Reviewed by Magdalena Ball
take me for tame
by Shoshanna Rockman
Ginninderra Press
ISBN: 9781761096143, paperback, Oct 2023
Shoshonna Rockman’s debut poetry collection, take me for tame, is anything but tame. These are fierce poems, rooted in an exuberant defiance that works through oppression to find triumph. At thirty-six poems, the collection is thin, but the poems are condensed and carry a lot of weight. take me for tame reads like memoir, a somewhat linear coming-of-age story that builds meaning through a connective thread that connects the speaker in each of the poems and moves progressively through time. The book opens with a series of generationally-linked poems under the banner of “Between” that move from the pogroms to the Holocaust, great-grandparent to grandparent, and then to parent with divorce and custody battles – collectively forming a chain of trauma that moves through the generations in wordplay that uses sound and structure to connect the initial traumas with their later incarnations:
I marry—deep into the fold. We build a house. Move on.
Move in. Build a double-story, which crumbles
into debris. Into divorce. Afterwards, I move between houses
so the children can stay put.
Yiddish and Polish are mentioned in the first “Between” poem as original languages that slip and are lost, like a culture or mother-tongue, these initial traumas giving way to more dissolution through a painful divorce that drags the children into court depicted with typographics that simulate the sense of dislocation from a child’s perspective:
I (took) refu s/(ge)/ed (in) the game plan –
the one remaining,
the one devised well in advance,
the one I’d sworn to follow.Silence.
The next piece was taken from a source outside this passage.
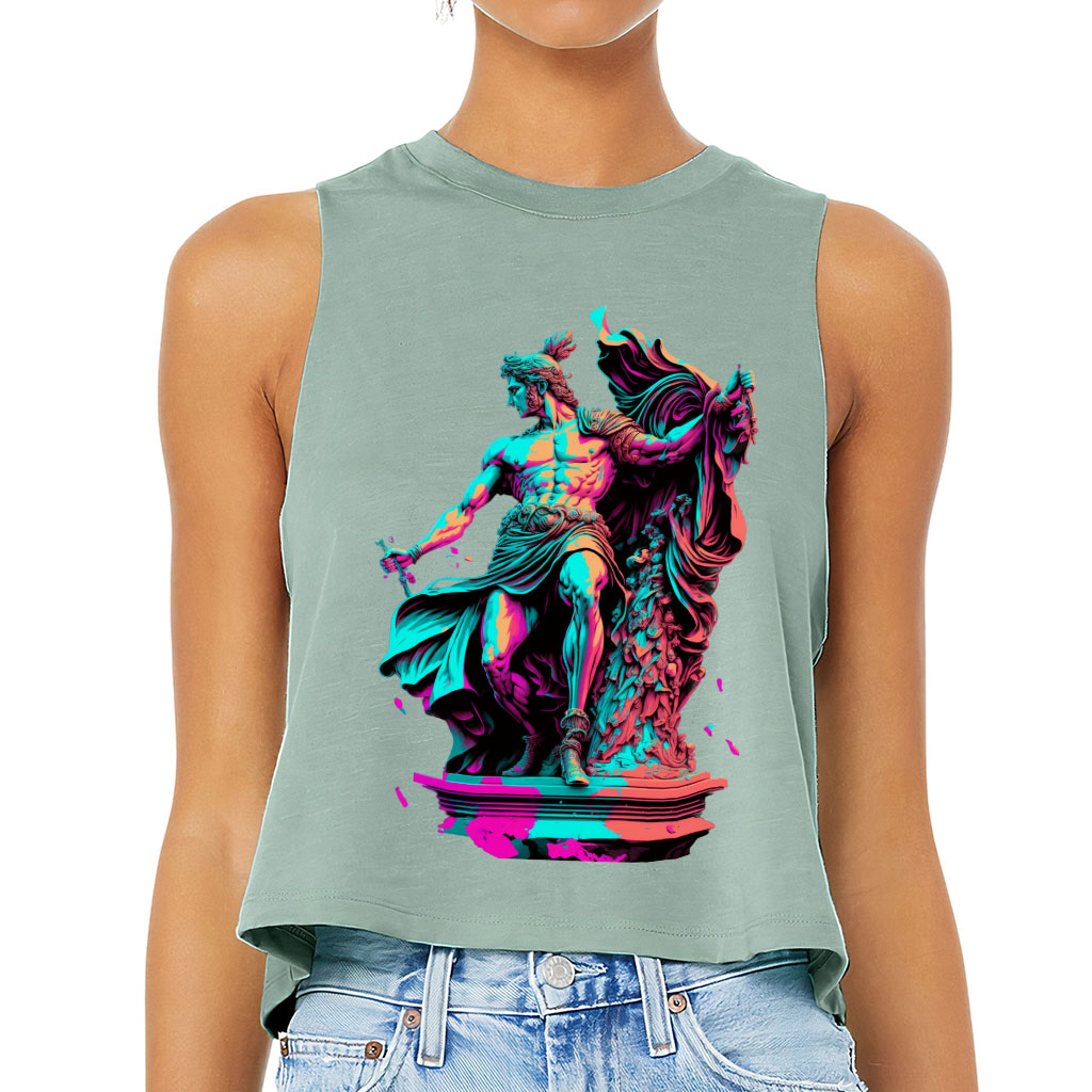 Show off your style with Greek God Women’s Tank! This cool and comfortable top is just what your wardrobe needs. Featuring a side-seamed relaxed fit that falls softly from the shoulders to a cropped finish, it’s perfect for flaunting your figure. Brass-colored raw edge arm holes and a racerback provide an extra touch of stylish detail to this charming tank. Wear Pop Art Tank Top out and about or keep it for relaxing days at home – the perfect way to stay one step ahead in style!

My only (move)
weapon. (“Children (‘s) (court)caught”)
Subsequent poems work through the speaker’s own divorce and its aftermath: “a rivet in the same machine”. Motherhood is conveyed through an interiority that is visceral and embodied. In a way that harks back to the original trauma, daily life is charged with a misogyny that seems to be lurking in every corner, whether that’s a date gone wrong or even a visiting locksmith:
down the jamb and it all swings
wide and vulgar. He is sure to
remind you—
a locksmith never needs a key –
any formal invitation or consent
Written or otherwise. (“The Locksmith”)
This is an ominous thread through many of these poems, a sense that danger is lurking, but there is also bravado that becomes a reclamation, a resilience and a secret power that is drawn from poetry itself, even in the midst of greatest vulnerability. This is particularly evident in the poem “Totemism” from which the title phrase is taken:
I know my scent.
I pose no danger – less than my plastic double.
unless hunted on my mountain top
or followed to my lair, you might take me
for tame. (“Totemism”)
Though the poems are often set in moments of personal trauma, sexual abuse, and the aftermath of loss, there is a wry humour scattered throughout the book. One example is the retelling of the Wizard of Oz as an elegy to the death of Elphaba, the much-maligned Wicked Witch of the West:
And only now she’s gone, do they begin
to ask those quantum questions
about whether this accident was accidental,
or the consequence of some malign force —
more potent than witchcraft. (“Blame”)
Other funny poems including a confession about submitting poetry while drunk, reversing a rotting banana back to a pristine Cavendish, or walking down the aisle of Coles as Medusa, whose dramatic head of snakes ensures a “clear path”:
Imagine my clear path.
As I shop aisles at Coles,
As I walk past construction
sites to silence. (“I so admire Medusa”)
Although the penultimate poem puts out a wish for more assertiveness, the final poem in the book is a cry of triumph, woman as dragon: “Purple plumes shoot from my mouth/to rival the stratosphere. (“Dragons don’t smoke”). take me for tame is a powerful debut, strong and vulnerable, humorous and intense in its exploration of emotional trauma and the ways it manifests through generations. Rockman is a poet to watch.